Строго говоря, истории принадлежит лишь ваше знание или незнание. Именно этот факт представляется таинственным и тревожным, так как оказывается, что с помощью нашей мысли — изменчивой и эфемерной реальности в высшей степени эфемерного мира — мы получаем во владение нечто постоянное и вневременное. Таким образом, мышление — это точка соприкосновения двух миров с антагонистической консистенцией. Наши мысли рождаются и умирают, уходят и возвращаются, погибают. А в это время их содержание, то, что мыслится, остаётся неизменным. Дважды два всегда четыре, несмотря на то что интеллектуальный акт, в котором мы это постигли, уже осуществился. Однако говорить так, утверждать, что истины вечны, значит употреблять неадекватное выражение. Вечное, непреходящее бытие означает определённое постоянство на протяжении всего временного ряда, неограниченную длительность, которая ничем не отличается от эфемерной длительности, а длиться — значит быть погружённым в поток времени и так или иначе зависеть от его течения. Так вот, истины не имеют никакой — ни малой, ни большой длительности, они не обладают никаким временным атрибутом, их не омывает река времени. Лейбниц назвал их verites eternelles, на мой взгляд также неточно. Вскоре мы поймём, в силу каких веских причин.

Если непреходящее длится столько же, сколько время в целом само по себе, то вечное существует до начала времени и после его конца, хотя и положительно включает в себя всё время; это гиперболическая длительность, сверхдлительность. В этой сверхдлительности длительность сохраняется и вместе с тем уничтожается: вечное существо живёт бесконечно, то есть жизнь его длится мгновение, или не длится, ему присуще «совершенное обладание сразу всей полнотой бесконечной жизни». Таково в действительности изящное определение вечности, предложенное Боэцием: interminabilis vitae tota simul et perfecta possessio.

Однако отношение истин ко времени не позитивно, а негативно, они просто ни в каком смысле не имеют ко времени никакого отношения, они полностью чужды любому временному определению, они всегда строго ахроничны. Поэтому заявление, что истины являются таковыми всегда, строго говоря, не содержат ни малейшей неточности, как если бы мы сказали — вспомнив знаменитый пример, использованный Лейбницем в других целях, — «Зелёная справедливость». На идеальном корпусе справедливости нет ни отметины, ни отверстия, к которому можно бегло бы прищепить атрибут «зелености», и сколько бы мы ни пытались проделать это, мы видим, что он соскальзывает со справедливости, как с полированной поверхности. Соединить оба понятия не удаётся: хотя мы и произносим их вместе, они упорно сохраняют обособленность, исключая возможность соединения, или слияния. Итак, нет большей разнородности, чем между вневременным способом существования, характерным для истин, и временным существованием субъекта, который их открывает и постигает, осознает или не осознает, помнит или забывает.
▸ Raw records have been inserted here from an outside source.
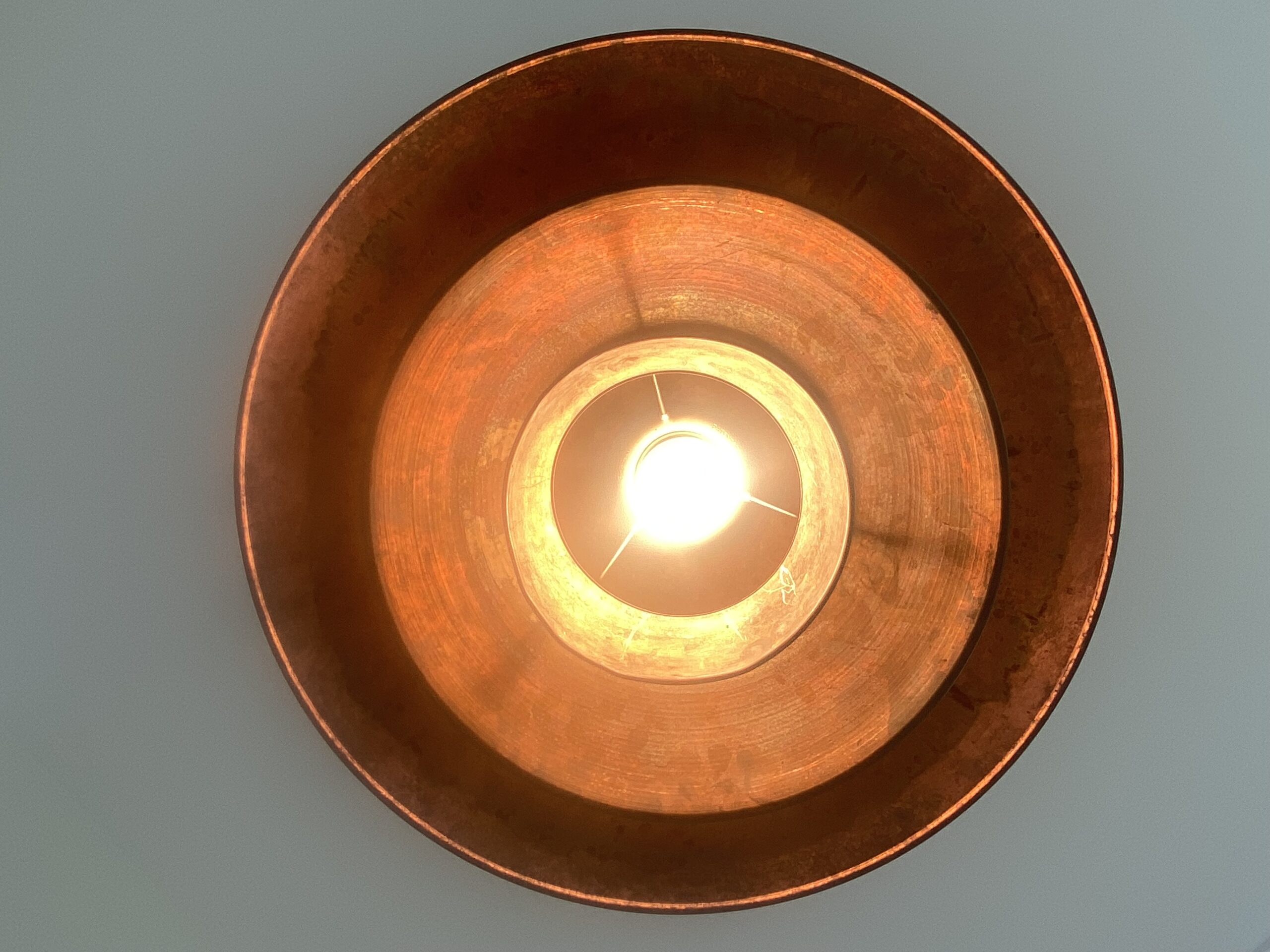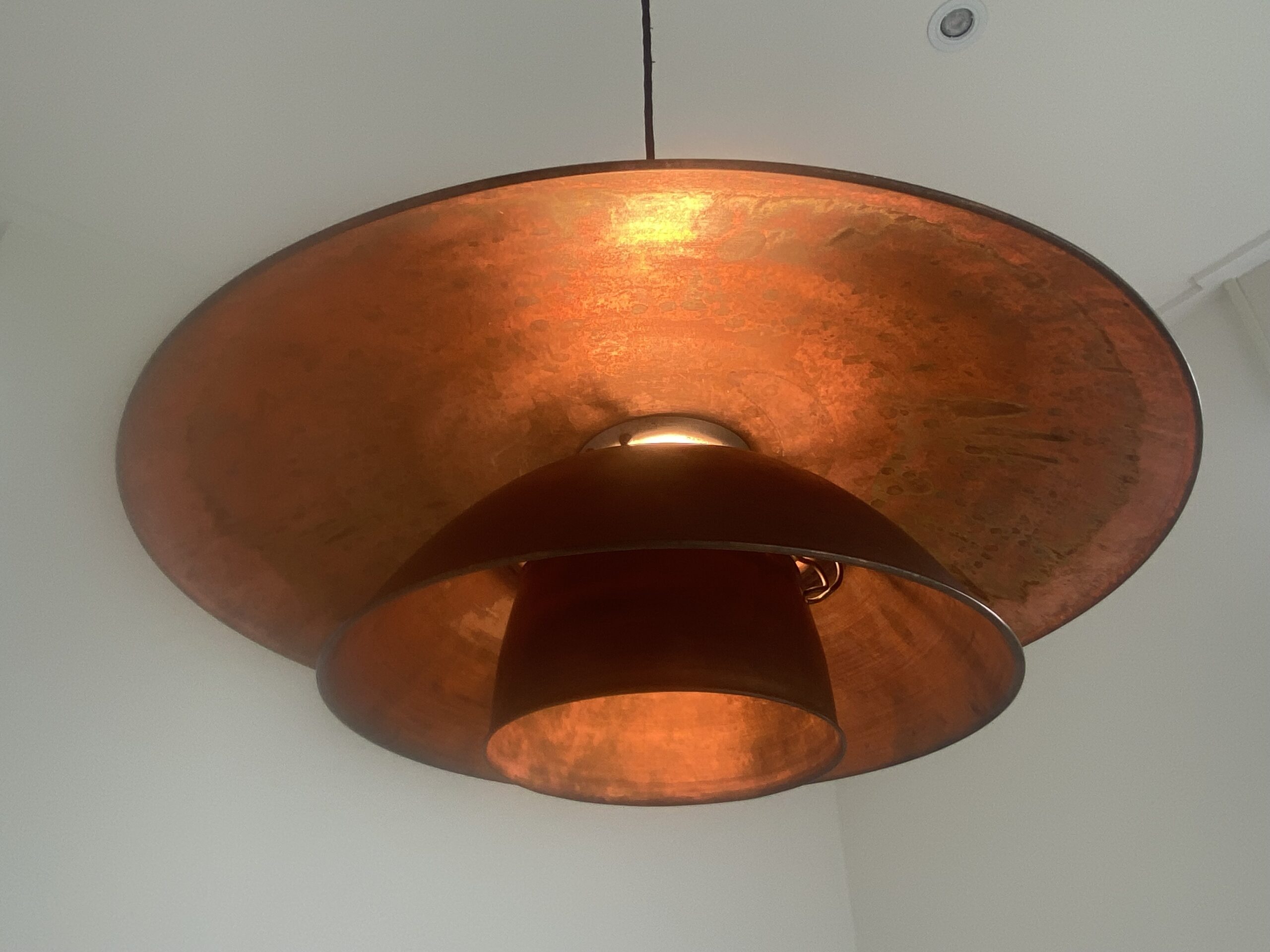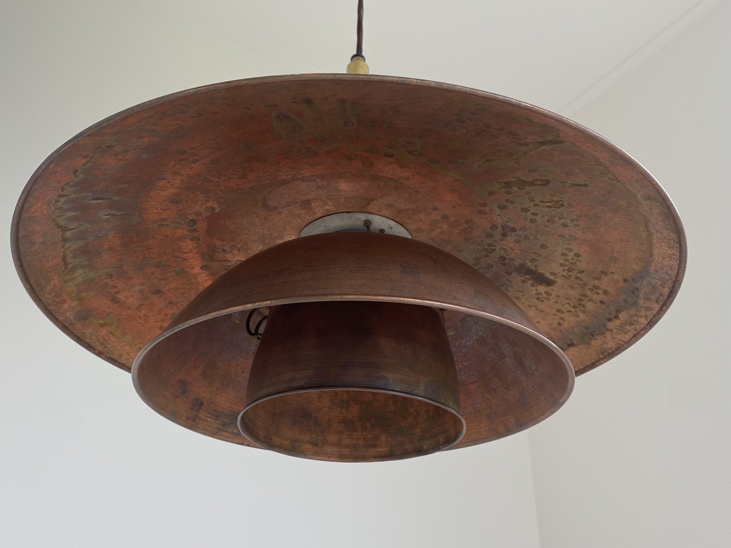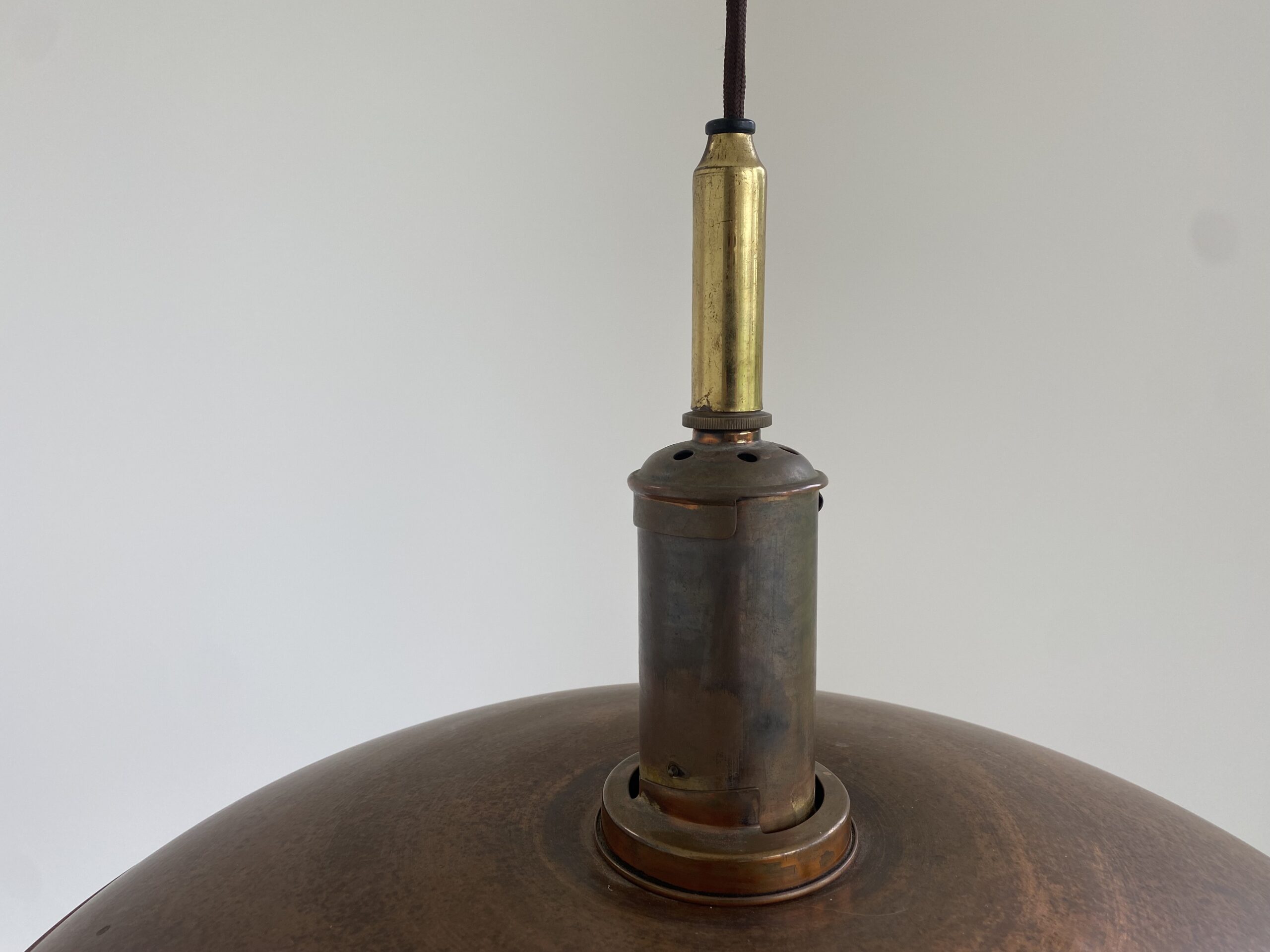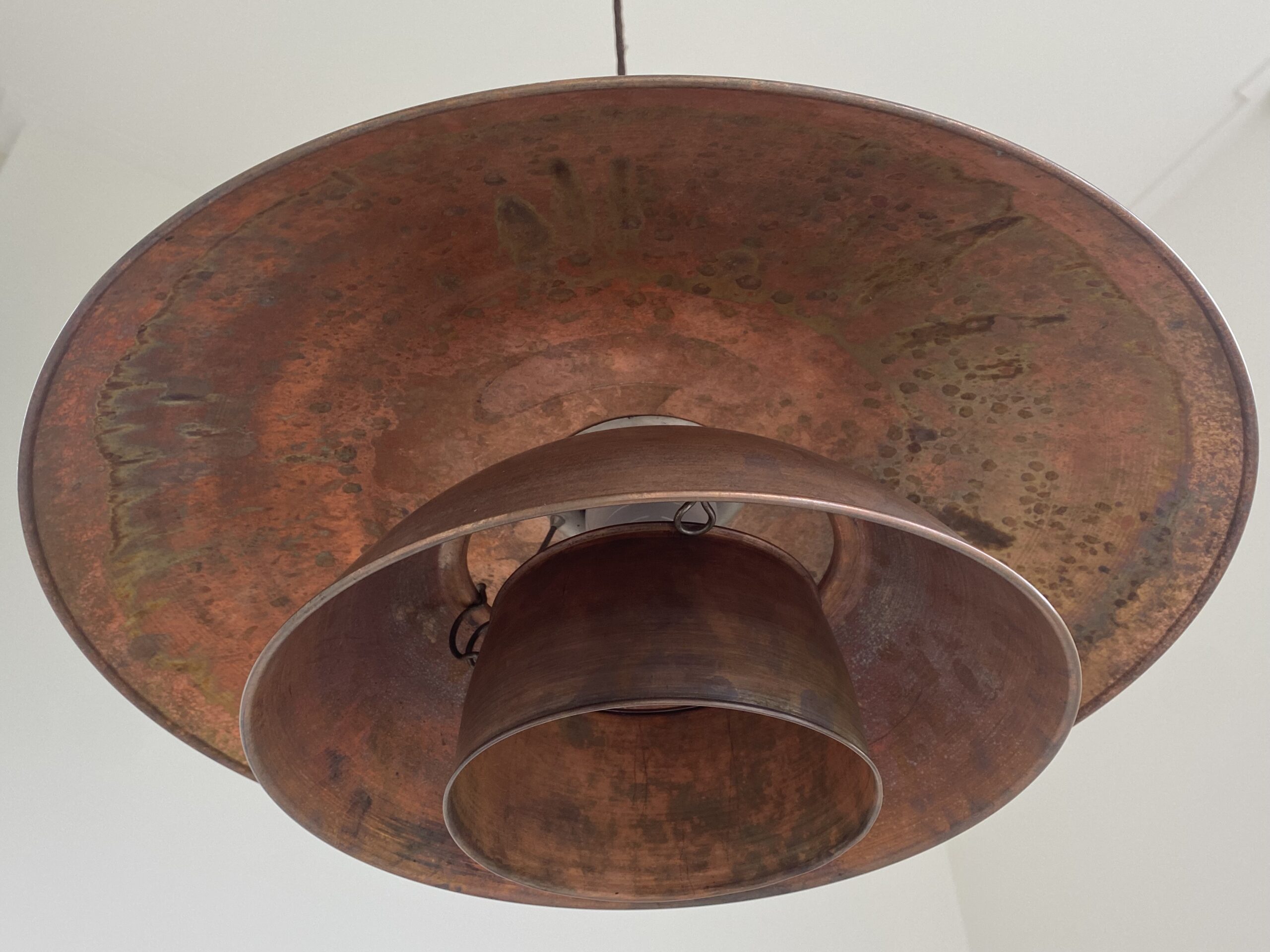 Rare and Large PH Pendant in copper and brass, designed by Poul Henningsen and manufactured by Louis Poulsen. Early model. Stamped ‘Patented’ Pendant with three shades that gives a beautiful light distribution. Good vintage condition with patina and a stunning attribution to any interior.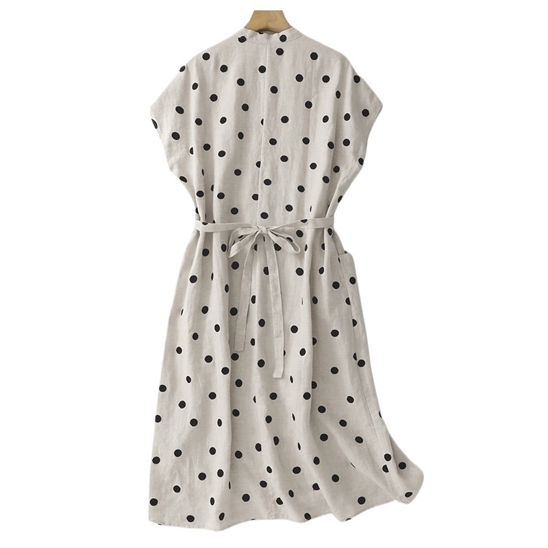 棉麻波点连衣裙女夏新款复古V领收腰显瘦气质中长裙A字裙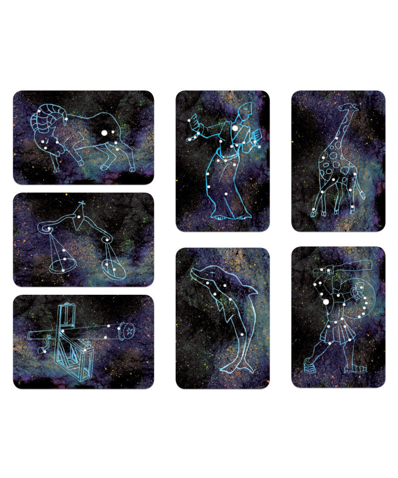 - Translucent, tear-resistant cards featuring astronomically correct constellations.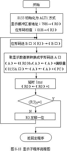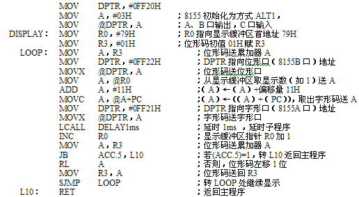 将要显示的6个数存放在显示缓冲区79H~7EH单元中,将0~F这16个数的字形码存放在首地址为CODE的程序存储区。从显示缓冲区取出要显示数送入累加器A,通过变址寻址指令MOVC A,@A+PC将显示数转换成对应的字形码。再将字形码由A送入字形口PA,位形码送入位选口PB,即可显示缓冲区中对应的数字。采用动态扫描法,则可将79H~7EH中6个数在6个八段管DG0~DG5上显示出来。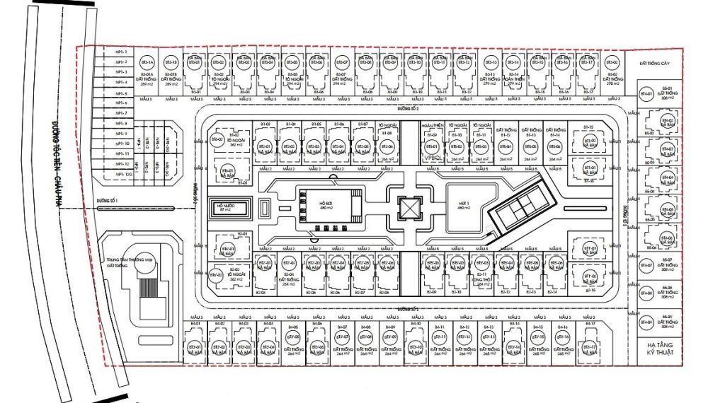 | Biệt thự vườn: | 78 căn diện tích: 264 m2 – 361 m2 |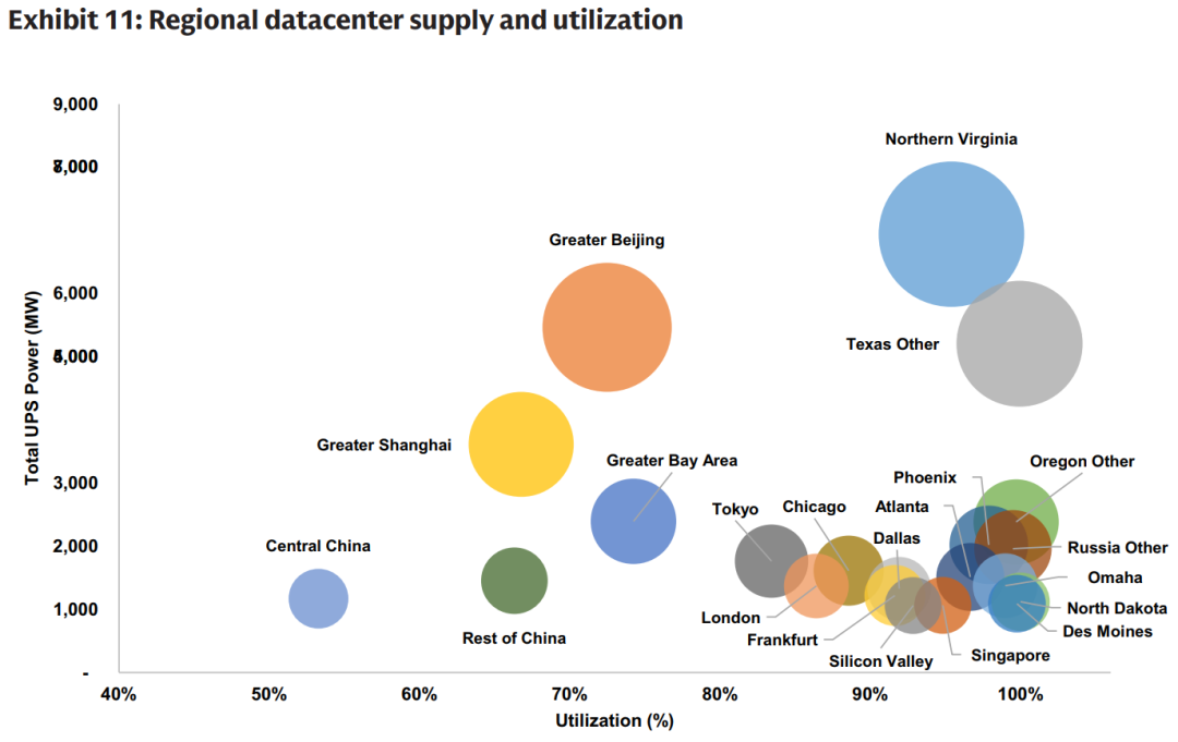 全球各区域数据中心电力容量与利用率气泡图,注意:北弗吉尼亚(右上角)与其他区域的巨大体量与利用率差异。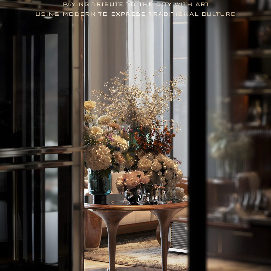 Asian Style Luxury Dining Room with Round Table and Wall Art – 3D Model_HCI4803719917259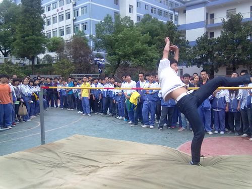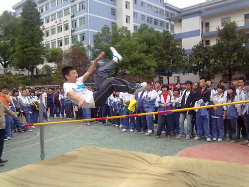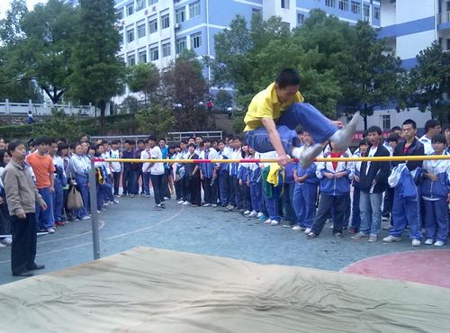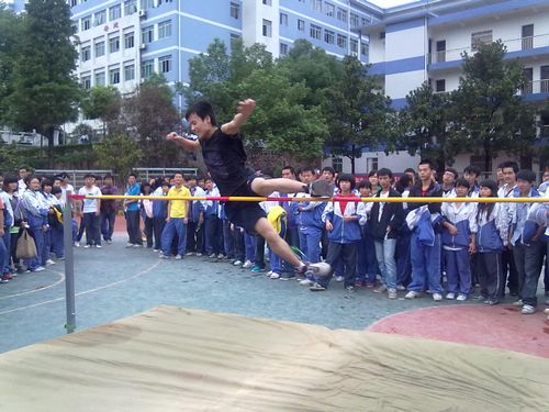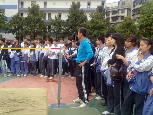 今天下午两点,在田径场上进行了男子跳高比赛,观看比赛同学很多,大家都悬着一颗心在为运动员喊加油。我们来看看跳高比赛的精彩瞬间。

Если мы всё же употребляем выражение «истины являются таковыми всегда», то потому, что практически это не ведёт к ошибочным следствиям: это невинная и удобная ошибка. Благодаря ей мы рассматриваем столь необычный способ существования истины Во временной перспективе, в которой нам привычно рассматривать вещи нашего мира.

И наконец, говорить о чём-то, что она всегда является тем, что оно есть, значит утверждать его независимость от временных изменений, его неуязвимость. Таким образом, в пределах временного есть признак, более всего напоминающий чистую вневремепность, — квазиформа вневременности, species quaendum aeternitatis.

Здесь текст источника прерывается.